You need to look for errors on your TSM server.  CMOD's just telling you that the document isn't available -- the TSM activity logs will give you a hint as to why.

The three letter code is the "AGID_NAME".  It's used in the cache filesystems, db2 table names, and TSM filespace names to keep different application group data separate.  :)  You can get more info in the IBM CMOD Database Tables page on the wiki:  https://cmod.wiki/index.php?title=Content_Manager_OnDemand_Database_Tables

-JD.
IBM CMOD Professional Services: http://TenaciousConsulting.com
Call:  +1-866-533-7742  or  eMail:  jd@justinderrick.com
IBM CMOD Wiki:  https://CMOD.wiki/
FREE IBM CMOD Education & Webinars:  https://CMOD.Training/

Interests: #AIX #Linux #Multiplatforms #DB2 #TSM #SP #Performance #Security #Audits #Customizing #Availability #HA #DR

DDP021

  • Sr.

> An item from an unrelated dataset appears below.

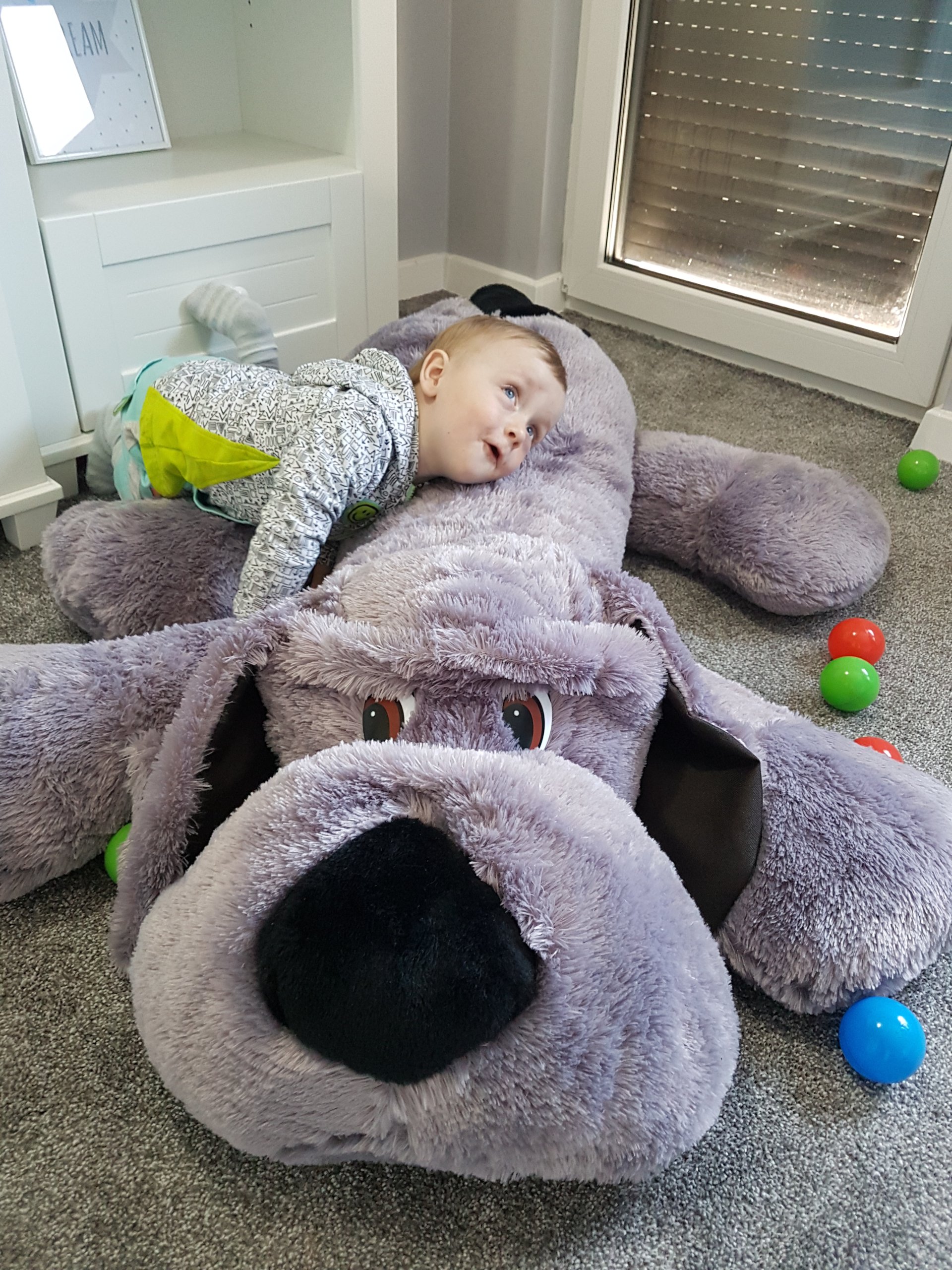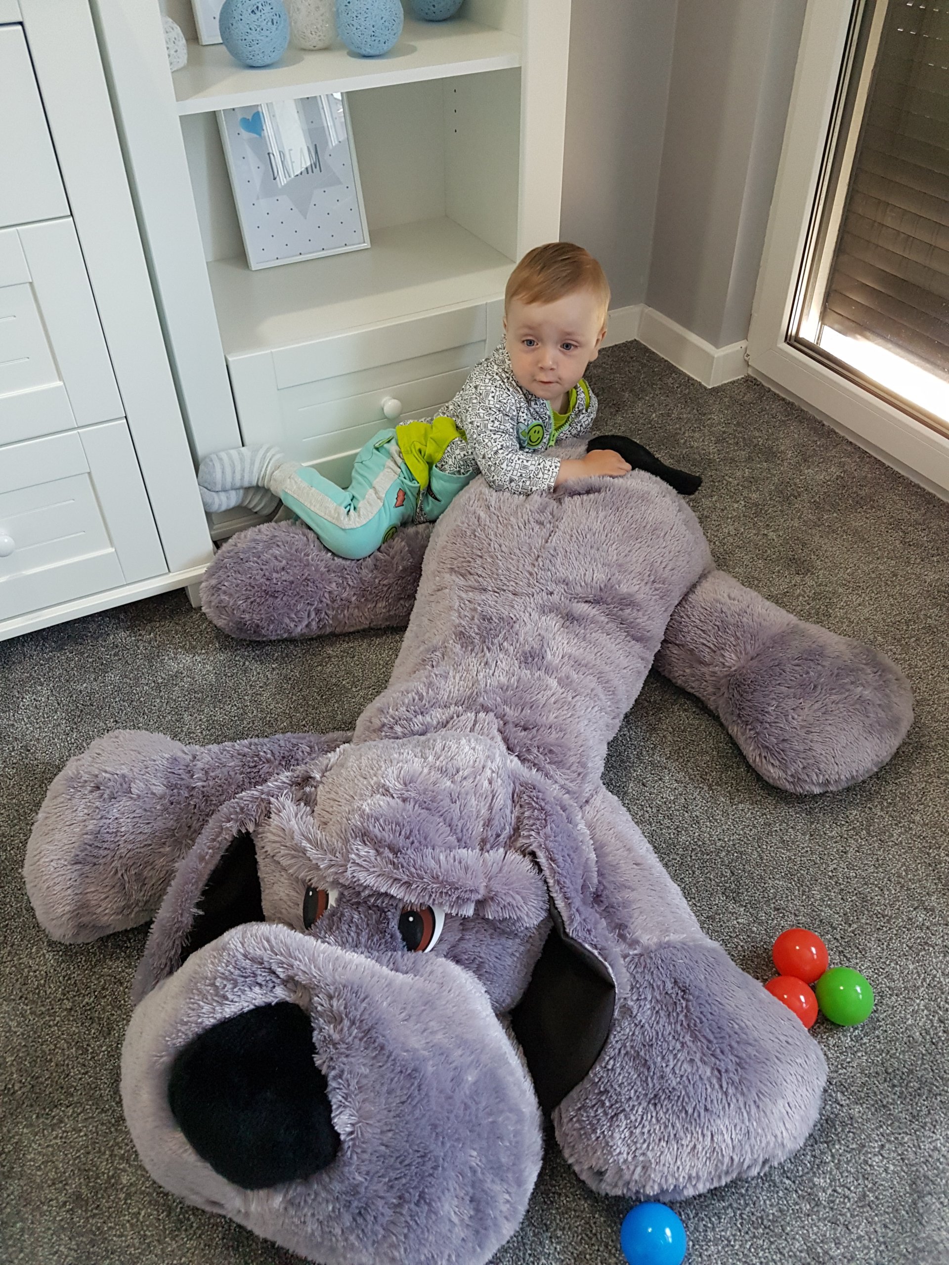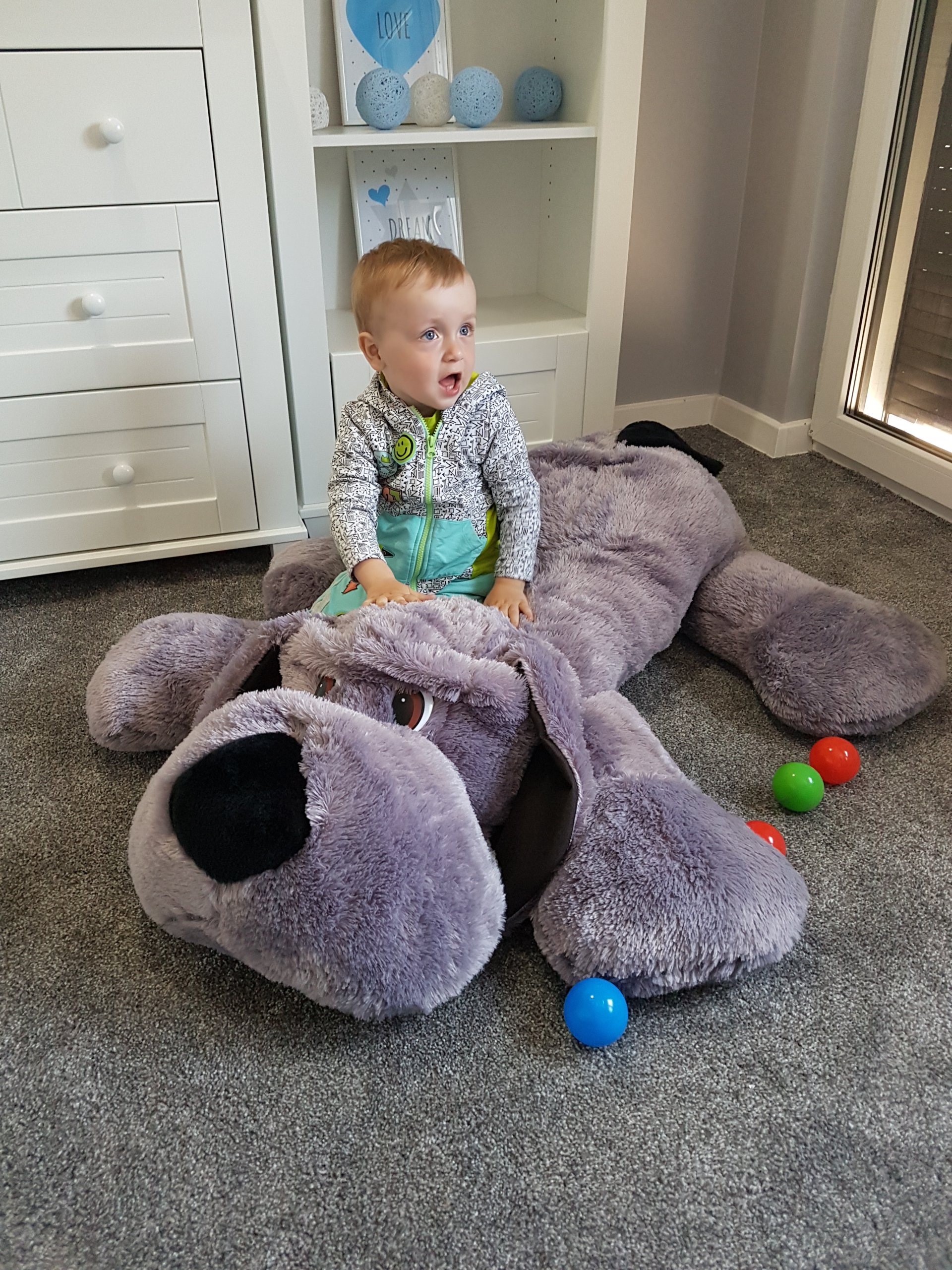 PIES JEST WYKONANY Z MIŁEGO ORAZ PRZYJEMNEGO W DOTYKU MATERIAŁU PLUSZOWEGO WYSOKIEJ JAKOŚCI.

Member
  • ****
  • Posts: 343
    • View Profile
Re: Unable to store object Failure
« Reply #6 on: August 16, 2018, 07:28:29 AM »
Justin,

We've relayed all 2 errors (MSG 429) and (MSG 24) to the TSM team....We just started receiving these messages....When we try and retrieve any of the report we get the message, "The Server failed while retrieving a document".  By coincidence, it appears we had received 88 failures on other reports either before or after the documents that that we cannot retrieve even though they appear to have loaded successfully...It's only a matter of time till users start complaining....As indicated, this mess all started after they attempted to migrate to ECS from Centera.  Even though they had backed off that switch and we're supposedly back to writing to centera these issues are still happening...Again, thanks for the input Justin!!!